LGPD e reconhecimento facial: o lado mais polêmico da proteção de dados
Sistemas de biometria facial são positivos para diminuir fraudes e aumentar a segurança pública – mas área ainda é cinzenta para LGPD
Nessa sábado (28) é comemorado o Dia Internacional da Proteção de Dados. O assunto, vasto e cada vez mais em evidência na sociedade, ainda tem zonas cinzentas e de difícil entendimento para a sociedade e para as empresas. É o caso da utilização de sistemas de reconhecimento facial.

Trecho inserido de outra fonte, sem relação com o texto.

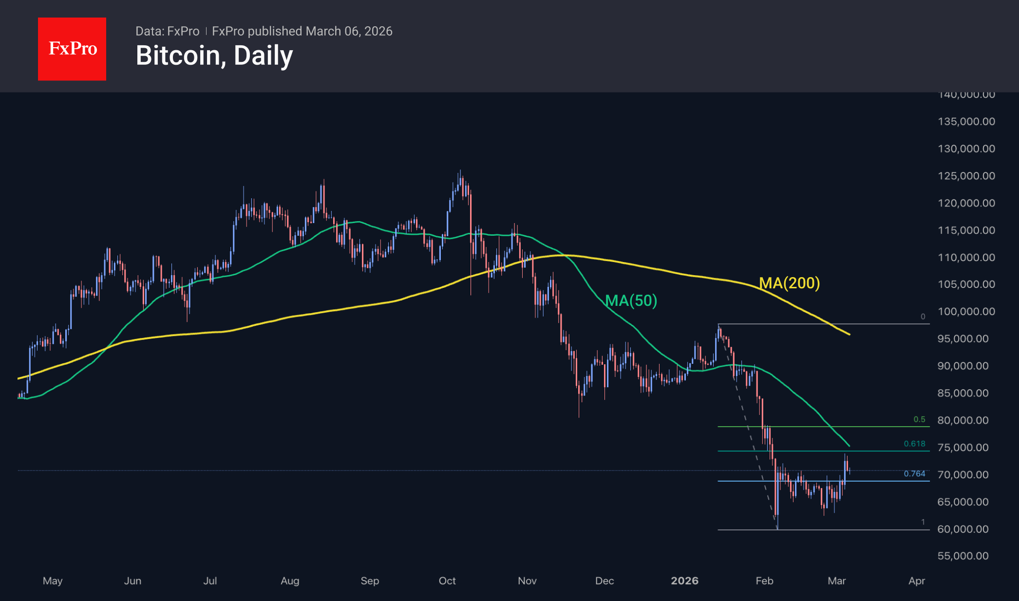 Биткоин осторожно отступает второй день до $70.5K, натолкнувшись на область сопротивления и исчерпав импульс роста на ликвидации коротких позиций пару дней назад. Краткосрочными препятствиями для роста стали 50-дневная скользящая средняя и уровень 61.8% от снижения с 14 января по 6 февраля. Медведи доказывают, что держат ситуацию под контролем, сохраняя Биткоин внутри коррекционного диапазона. В таких условиях выше шансы движения к нижней границе диапазона, что можно назвать типичным поведением для конца недели в последние месяцы.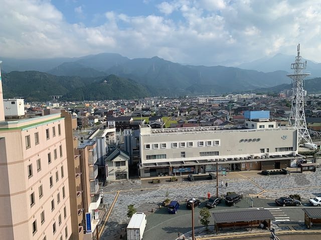 今回利用した部屋は駅と石鎚山が見えるサイドだったので、窓から両方を見ることができて景色を堪能できた。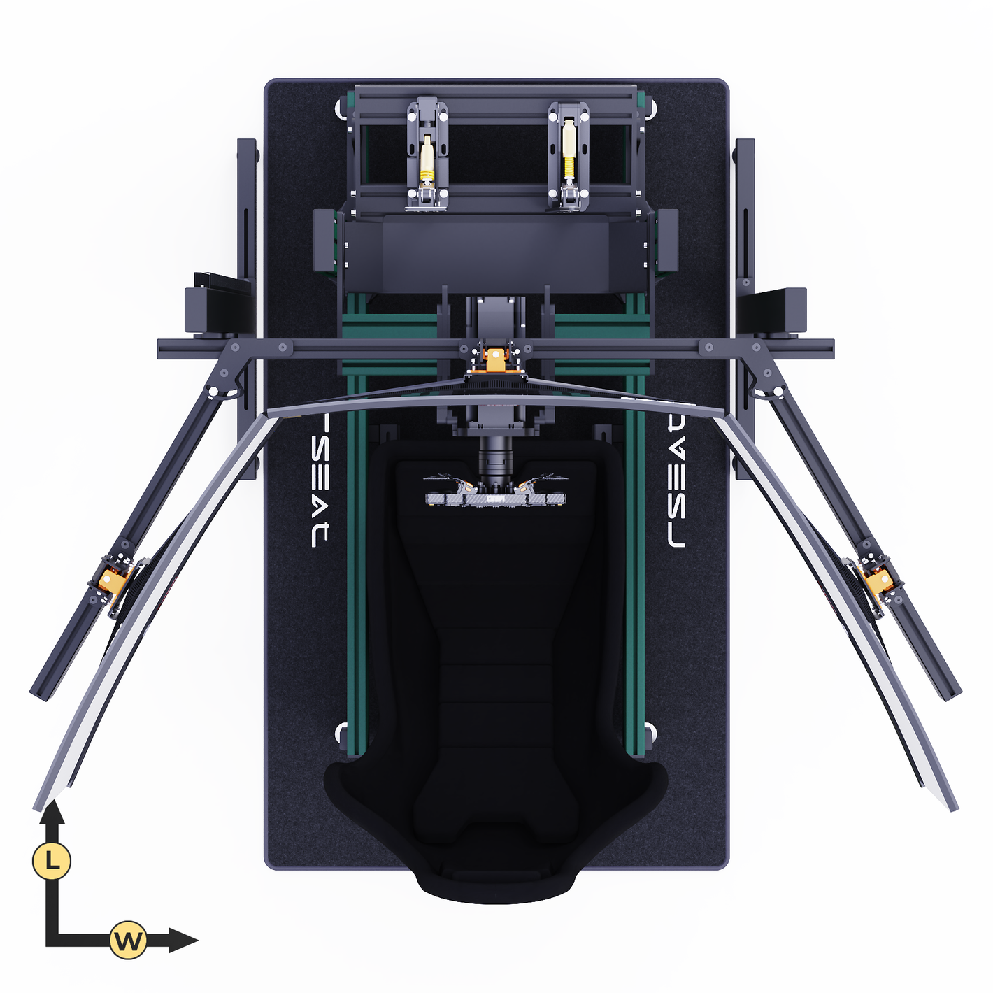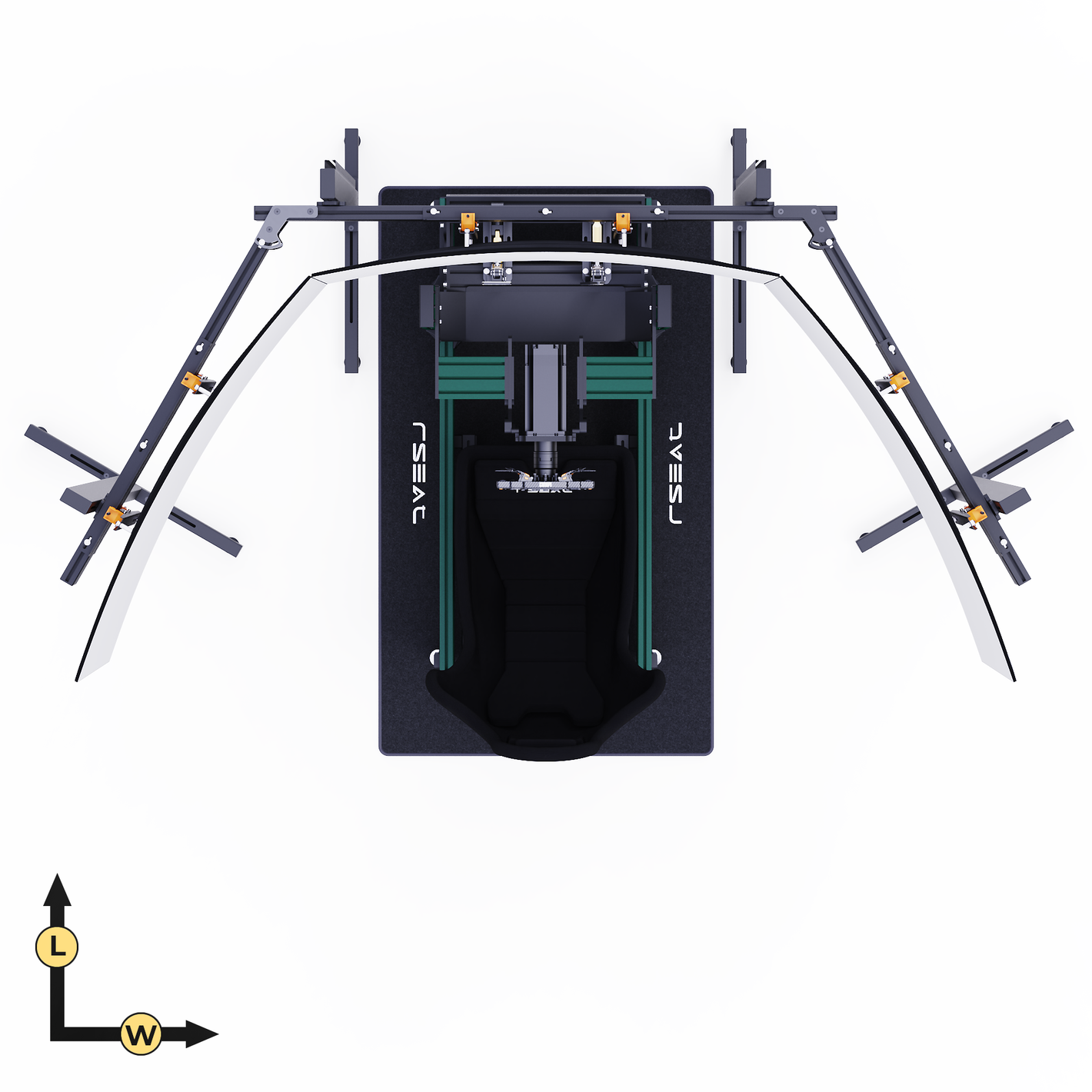 The required minimum footprint for the A1 PRO Formula chassis, RSEAT Formula seat, and A1-TX32 integrated single-screen monitor stand. (supports up to 3 x 32-inch Monitors).

Enquanto a tecnologia parece se tornar parte do dia a dia dos usuários – que podem até desbloquear seus celulares apenas com o rosto – deputados fazem projetos de lei pedindo que o reconhecimento facial só seja aplicado em última instância.
O Projeto de Lei 2392/22, do deputado Guiga Peixoto (PSC-SP), por exemplo, proíbe o uso de tecnologias de reconhecimento facial para fins de identificação nos setores públicos e privado sem que haja relatório prévio de impacto à privacidade das pessoas. Conforme o texto, que tramita na Câmara dos Deputados, o relatório deve demonstrar a necessidade e a impossibilidade de uso de outro tipo de identificação.
Segundo o autor, “a consequência do mau uso desses dados pode ser extremamente nociva para os cidadãos. Imagine-se a hipótese de uma pessoa ser presa por erros na identificação ou então o constrangimento de ter negado o acesso a determinado estabelecimento do qual é sócio.”
“Outra possibilidade é o mau uso desses dados em razão de vazamentos ou mesmo do uso comercial dessas informações, alimentando a prática de fraudes, estelionatos, roubo de identidades ou falsidades ideológicas das mais variadas”, completou.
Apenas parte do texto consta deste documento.